WHAT IS EXPECTED »
Leave every image behind and restate the data word for word.

GIVEN INFORMATION »
****
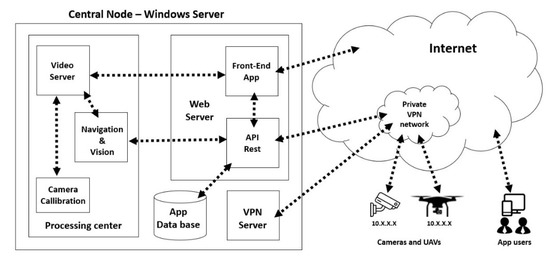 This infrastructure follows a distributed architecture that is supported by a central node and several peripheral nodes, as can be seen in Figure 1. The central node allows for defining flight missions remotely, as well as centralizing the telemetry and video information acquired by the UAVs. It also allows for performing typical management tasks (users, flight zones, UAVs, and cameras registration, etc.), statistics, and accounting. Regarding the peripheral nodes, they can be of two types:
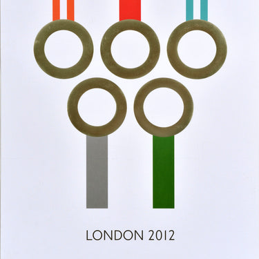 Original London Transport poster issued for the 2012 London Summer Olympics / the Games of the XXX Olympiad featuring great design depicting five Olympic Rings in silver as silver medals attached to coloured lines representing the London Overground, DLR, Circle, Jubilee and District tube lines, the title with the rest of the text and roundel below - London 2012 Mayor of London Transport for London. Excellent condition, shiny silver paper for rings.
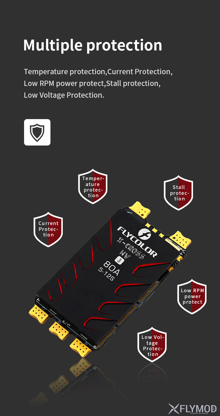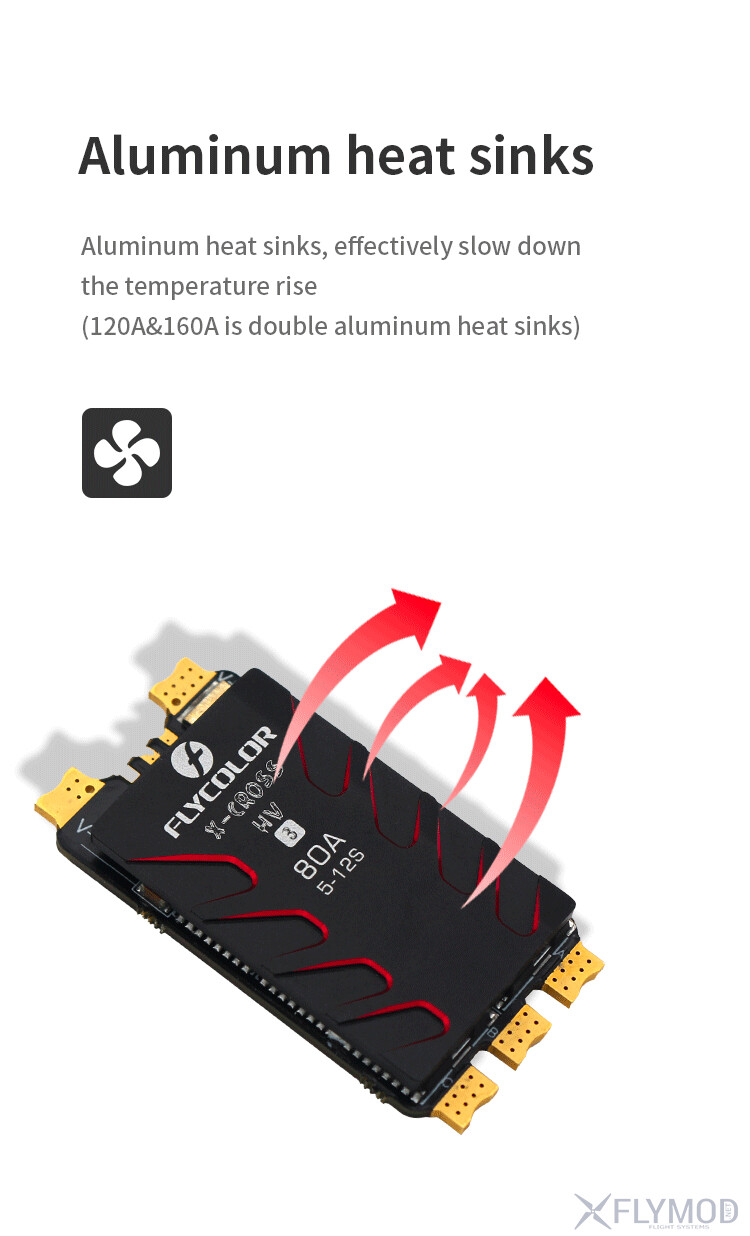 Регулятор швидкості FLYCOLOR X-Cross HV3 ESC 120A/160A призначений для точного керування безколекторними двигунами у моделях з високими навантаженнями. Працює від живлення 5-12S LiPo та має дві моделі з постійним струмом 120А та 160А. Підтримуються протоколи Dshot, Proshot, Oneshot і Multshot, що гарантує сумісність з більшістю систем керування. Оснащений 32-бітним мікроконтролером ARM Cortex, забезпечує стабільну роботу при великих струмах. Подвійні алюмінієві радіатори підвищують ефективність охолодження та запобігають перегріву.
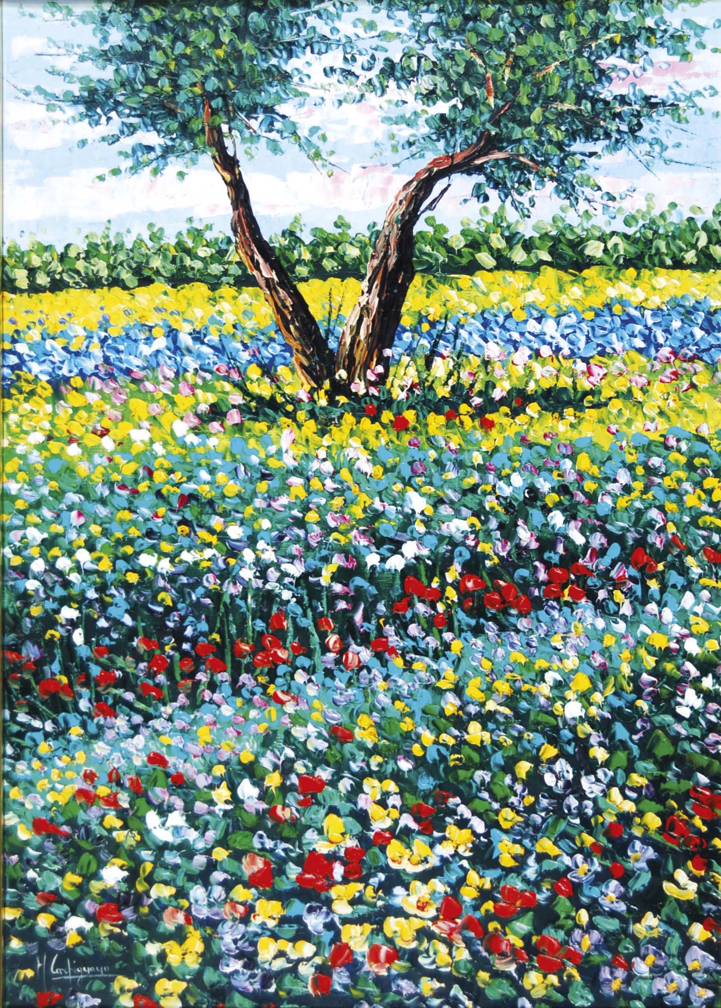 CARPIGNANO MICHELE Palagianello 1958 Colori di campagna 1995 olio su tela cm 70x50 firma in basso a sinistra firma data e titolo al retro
****
COMPLETED TASK »
 This infrastructure follows a distributed architecture that is supported by a central node and several peripheral nodes, as can be seen in Figure 1. The central node allows for defining flight missions remotely, as well as centralizing the telemetry and video information acquired by the UAVs. It also allows for performing typical management tasks (users, flight zones, UAVs, and cameras registration, etc.), statistics, and accounting. Regarding the peripheral nodes, they can be of two types:
 Original London Transport poster issued for the 2012 London Summer Olympics / the Games of the XXX Olympiad featuring great design depicting five Olympic Rings in silver as silver medals attached to coloured lines representing the London Overground, DLR, Circle, Jubilee and District tube lines, the title with the rest of the text and roundel below - London 2012 Mayor of London Transport for London. Excellent condition, shiny silver paper for rings.
 Регулятор швидкості FLYCOLOR X-Cross HV3 ESC 120A/160A призначений для точного керування безколекторними двигунами у моделях з високими навантаженнями. Працює від живлення 5-12S LiPo та має дві моделі з постійним струмом 120А та 160А. Підтримуються протоколи Dshot, Proshot, Oneshot і Multshot, що гарантує сумісність з більшістю систем керування. Оснащений 32-бітним мікроконтролером ARM Cortex, забезпечує стабільну роботу при великих струмах. Подвійні алюмінієві радіатори підвищують ефективність охолодження та запобігають перегріву.
 CARPIGNANO MICHELE Palagianello 1958 Colori di campagna 1995 olio su tela cm 70x50 firma in basso a sinistra firma data e titolo al retro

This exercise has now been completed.